I can’t answer for what seems extraordinarily high to you. But no, it isn’t high. Let’s remember that there are only 4 possible states at any position. Given the rarity of transversions, it might be accurate to say that there are only two likely states.

2 Likes

I think it makes an excellent case for common ancestry, but does it make a strong case for universal common descent, or in your words “common ancestry of all living things on earth”? Many creationists would agree with a significant amount of common ancestry, I think, but disagree that it is truly universal. So do scientists have a sense of how universal it is? In other words, has there been enough tests like what you and @John_Harshman have done across not only multiple sequences in the human genome compared to apes and monkeys, but across the entire “tree of life”?

2 Likes

Yes, there has, though in fact the deepest comparisons use protein sequences rather than DNA sequences. Still, the difference between what creationists are willing to accept and what’s accessible through DNA sequences is still quite large.

1 Like

According @glipsnort’s article at 32, the sum of G-C, A-T, A-G/G-T mutations should be roughly equal to the number of transitions mutations (C-T or A-G). So, in your example, on the 22 cases of homoplasy, we would have expected to see about 50% of transitions, not 100% as it is the case. What is the explanation for this strange observation?

1 Like

Several explanations: first, transitions are more likely to be silent than transversions and, if non-silent, more likely to connect similar amino acids; second, the transition bias in mitochondrial DNA is greater than in nuclear DNA; third, you will note that most of the changes are C-T, because there’s a base composition bias making G rare; fourth, transversions are often complicated by subsequent transitions that make them no longer informative for our sample — see, for example, the second to last site.

7 Likes

Fifth, you need two transversions to get into this list, so the occurrence would only be a quarter as common as transitions, even if transversions were half as common as transitions.

6 Likes

Very much so. As John noted, when DNA identities approach the statistically undetectable level, protein identities/similarites are still there.

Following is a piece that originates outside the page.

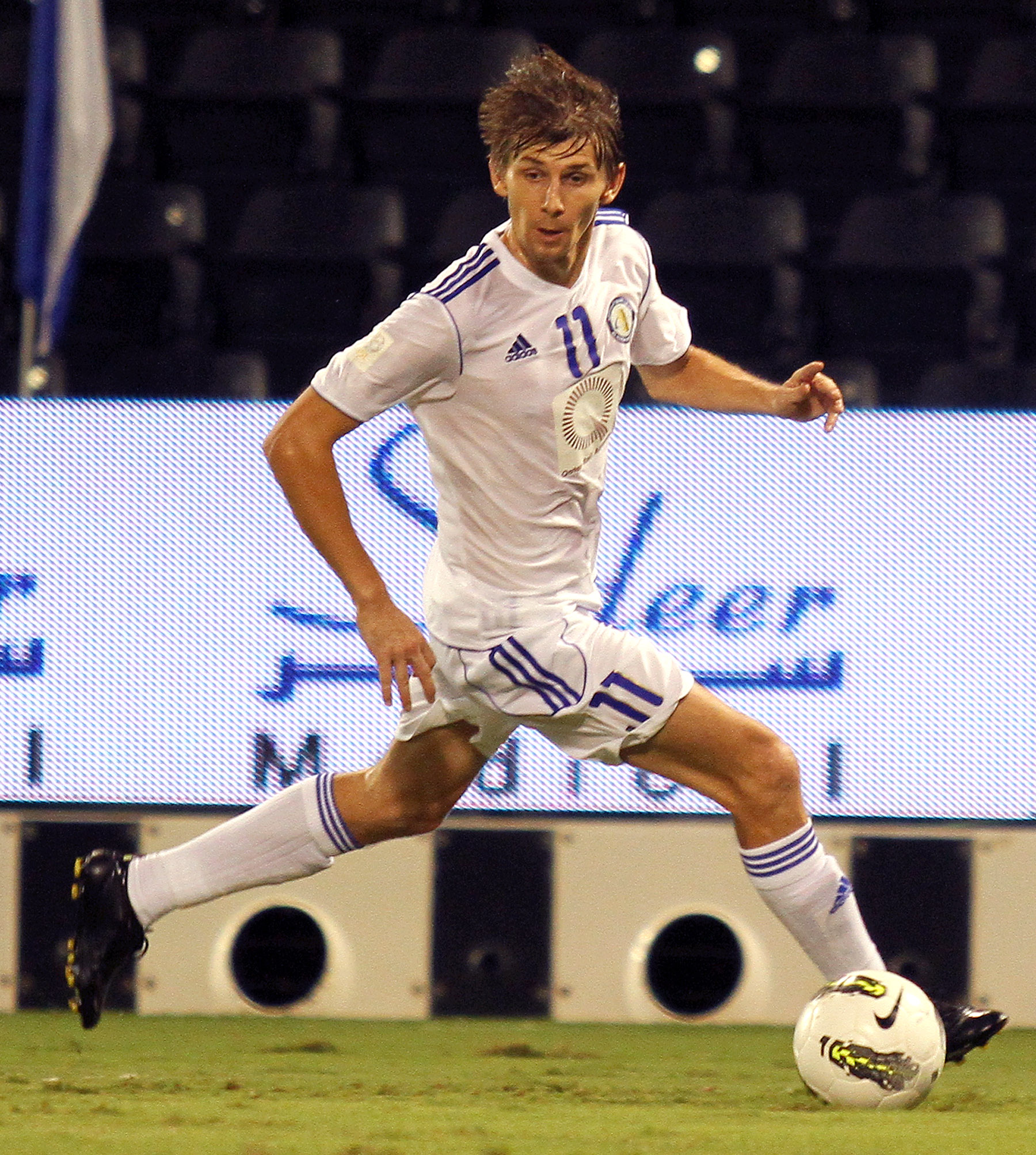 Al Khor's Polish professional Euzebiusz Smolarek runs with the ball during their Qatar Stars League match.

I’ll add that when the protein identities/similarities poop out, there remain structural homologies. Universal common ancestry predicts that we’ll find a lot more of those in the future.

2 Likes

This is surprising to me, mostly because it seems like a lot of work (both sequencing and the comparison). Do you (or @Mercer or @NLENTS or anybody else) know of any good seminal work reviewing this (establishing universal common ancestry through DNA/Protein sequences) that you could point me towards? I’d like to dig into it a little bit more. As a non-expert, sometimes it’s nice to get a peak inside some of the major results of another field.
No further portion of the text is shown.